↓

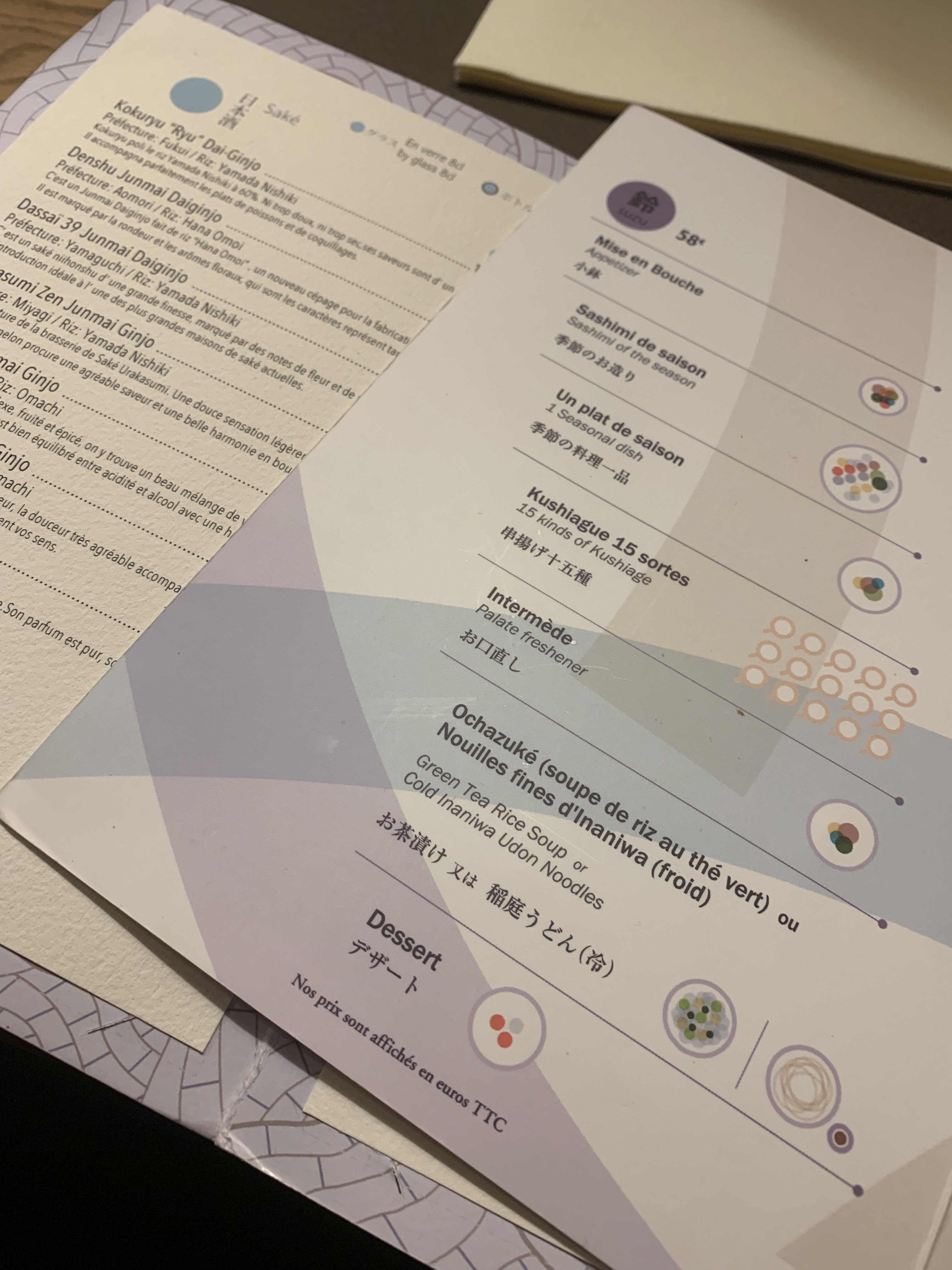 A notre arrivé, l’accueil impeccable, un bon service. Les serveuses nous expliques ce qu’on nous sert. Les brochettes: une très bonne découverte. Une bonne variété. Points négatifs: Les toilettes… ça sent le moisi, les murs sont sale, la porte des toilettes a l’air d’être humide et le sol très collant. Attention prix assez élevé 58 le menu Suzu, 48 l’autre. Dans l’ensemble, tout était plus ou moins parfait, bonne ambiance, de bon produits et une très bonne accueil.
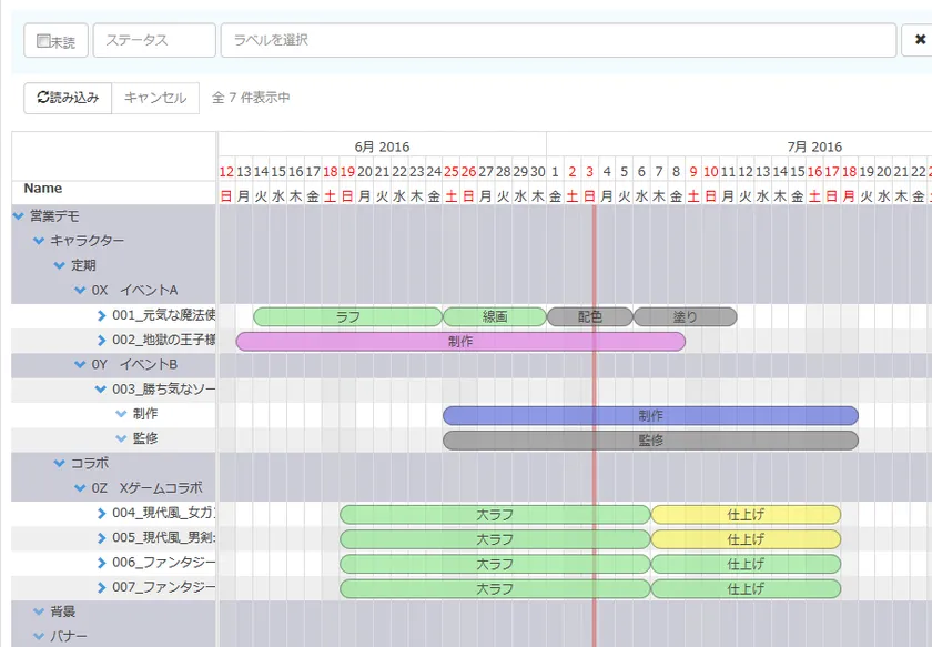 プロジェクト全体の進捗状況を俯瞰して確認できる機能です。詳細を閲覧する時には該当のスレッドにこの画面からワンクリックで遷移できます。
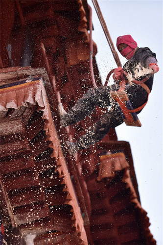 2019年11月1日,在西藏拉薩市布達(dá)拉宮,施工人員給墻體噴灑涂料。當(dāng)日,布達(dá)拉宮每年一度的墻體粉刷工程正式啟動,這也是布達(dá)拉宮例行的“年度美容”。新華社記者覺果攝
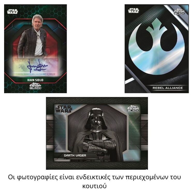 Το Topps Star Wars Chrome Black επιστρέφει για την σεζόν 2024/25 με εντυπωσιακά updates που θα ενθουσιάσουν κάθε συλλέκτη! Για πρώτη φορά, κάθε Hobby Box περιλαμβάνει ένα encased (σε magnetic) αυτόγραφο και ένα encased (σε magnetic) insert για χαρακτήρες από Darkside και Lightside. Επιπλέον, θα βρείτε ένα numbered refractor σε κάθε κουτί, ενώ το base set και τα μοναδικά inserts προσφέρουν νέες δυνατότητες για συλλογές!
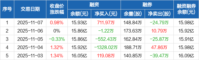 浙商银行:融资净买入711.97万元,融资余额15.93亿元(11-07)
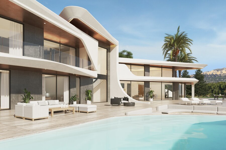 A truly spectacular villa with a stunning contemporary design that incorporates subtle curves in the façade, this architectural project has been designed for a 2,000 m2 plot. Designed with large windows that bring natural light to the house, you will enjoy constant views of the Mediterranean landscape, the Montgó mountain and the Mediterranean Sea.
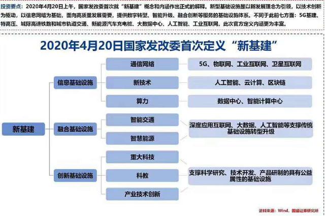 发改委4月20日新闻发布会首次明确新型基础设施的范围,主要包括三个方面,一是信息基础设施,二是融合基础设施,三是创新基础设施。共涉及通信网络、新技术、算力、智能交通等8大领域。
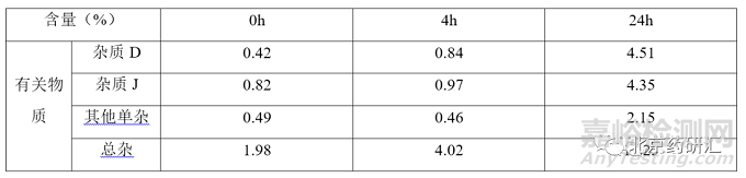 根據(jù)參比制劑穩(wěn)定性數(shù)據(jù)可知,雜質(zhì)含量與限度要求相差甚遠,該品種效期末配伍穩(wěn)定性數(shù)據(jù)如下表所示
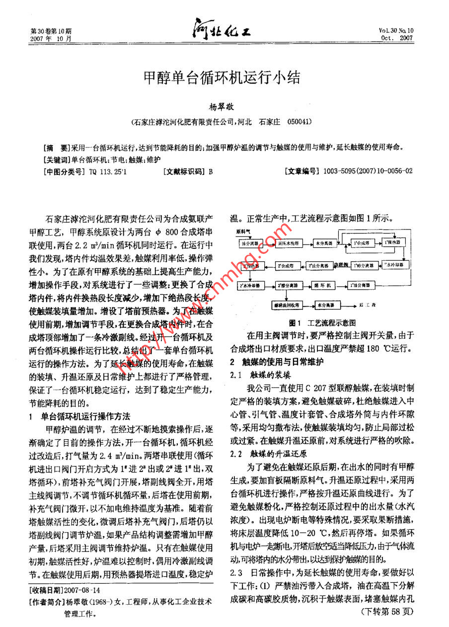甲醇單臺(tái)循環(huán)機(jī)運(yùn)行小結(jié)
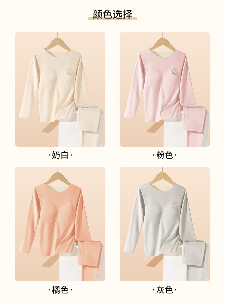 【德绒保暖套装,魅力无限】儿童保暖内衣女童带胸垫,使孩子充满自信。桑蚕丝养肤,舒适呵护。大童秋衣秋裤,健康温暖,舒适贴身!
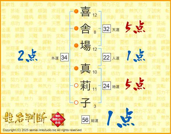 喜(12画)舎(8画)場(12画) 真(10画)莉(11画)子(3画)
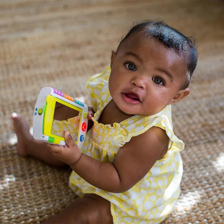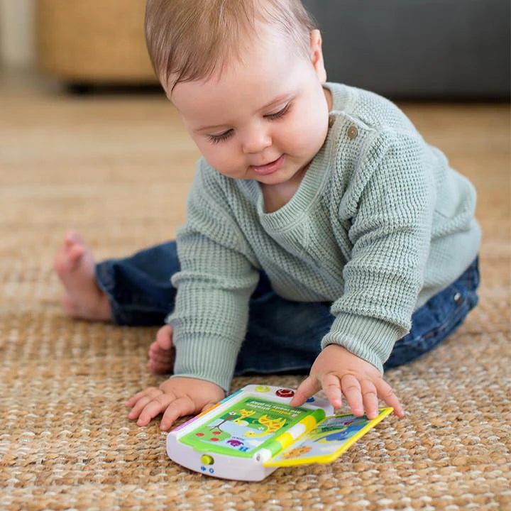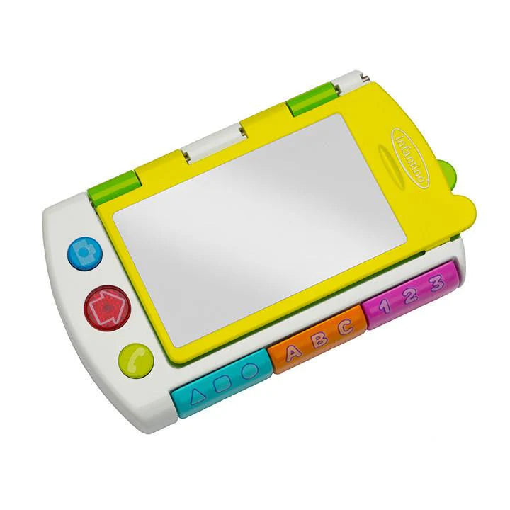This fun phone book is filled with surprises! A large mirror and interactive buttons on the front are perfect for imaginative phone play. Make a call or take a picture. Open the phone book pages to activate learning content, as the phone reads a simple story and prompts children to discover shapes, colors and numbers. Features 4 original songs, 43 encouraging phrases and 6 fun sound effects.

↑

* Problem statement:
Output each entry exactly. Skip the pictures.

* Answer:
 A notre arrivé, l’accueil impeccable, un bon service. Les serveuses nous expliques ce qu’on nous sert. Les brochettes: une très bonne découverte. Une bonne variété. Points négatifs: Les toilettes… ça sent le moisi, les murs sont sale, la porte des toilettes a l’air d’être humide et le sol très collant. Attention prix assez élevé 58 le menu Suzu, 48 l’autre. Dans l’ensemble, tout était plus ou moins parfait, bonne ambiance, de bon produits et une très bonne accueil.
 プロジェクト全体の進捗状況を俯瞰して確認できる機能です。詳細を閲覧する時には該当のスレッドにこの画面からワンクリックで遷移できます。
 2019年11月1日,在西藏拉薩市布達(dá)拉宮,施工人員給墻體噴灑涂料。當(dāng)日,布達(dá)拉宮每年一度的墻體粉刷工程正式啟動,這也是布達(dá)拉宮例行的“年度美容”。新華社記者覺果攝
 Το Topps Star Wars Chrome Black επιστρέφει για την σεζόν 2024/25 με εντυπωσιακά updates που θα ενθουσιάσουν κάθε συλλέκτη! Για πρώτη φορά, κάθε Hobby Box περιλαμβάνει ένα encased (σε magnetic) αυτόγραφο και ένα encased (σε magnetic) insert για χαρακτήρες από Darkside και Lightside. Επιπλέον, θα βρείτε ένα numbered refractor σε κάθε κουτί, ενώ το base set και τα μοναδικά inserts προσφέρουν νέες δυνατότητες για συλλογές!
 浙商银行:融资净买入711.97万元,融资余额15.93亿元(11-07)
 A truly spectacular villa with a stunning contemporary design that incorporates subtle curves in the façade, this architectural project has been designed for a 2,000 m2 plot. Designed with large windows that bring natural light to the house, you will enjoy constant views of the Mediterranean landscape, the Montgó mountain and the Mediterranean Sea.
 发改委4月20日新闻发布会首次明确新型基础设施的范围,主要包括三个方面,一是信息基础设施,二是融合基础设施,三是创新基础设施。共涉及通信网络、新技术、算力、智能交通等8大领域。
 根據(jù)參比制劑穩(wěn)定性數(shù)據(jù)可知,雜質(zhì)含量與限度要求相差甚遠,該品種效期末配伍穩(wěn)定性數(shù)據(jù)如下表所示
甲醇單臺(tái)循環(huán)機(jī)運(yùn)行小結(jié)
 【德绒保暖套装,魅力无限】儿童保暖内衣女童带胸垫,使孩子充满自信。桑蚕丝养肤,舒适呵护。大童秋衣秋裤,健康温暖,舒适贴身!
 喜(12画)舎(8画)場(12画) 真(10画)莉(11画)子(3画)
This fun phone book is filled with surprises! A large mirror and interactive buttons on the front are perfect for imaginative phone play. Make a call or take a picture. Open the phone book pages to activate learning content, as the phone reads a simple story and prompts children to discover shapes, colors and numbers. Features 4 original songs, 43 encouraging phrases and 6 fun sound effects.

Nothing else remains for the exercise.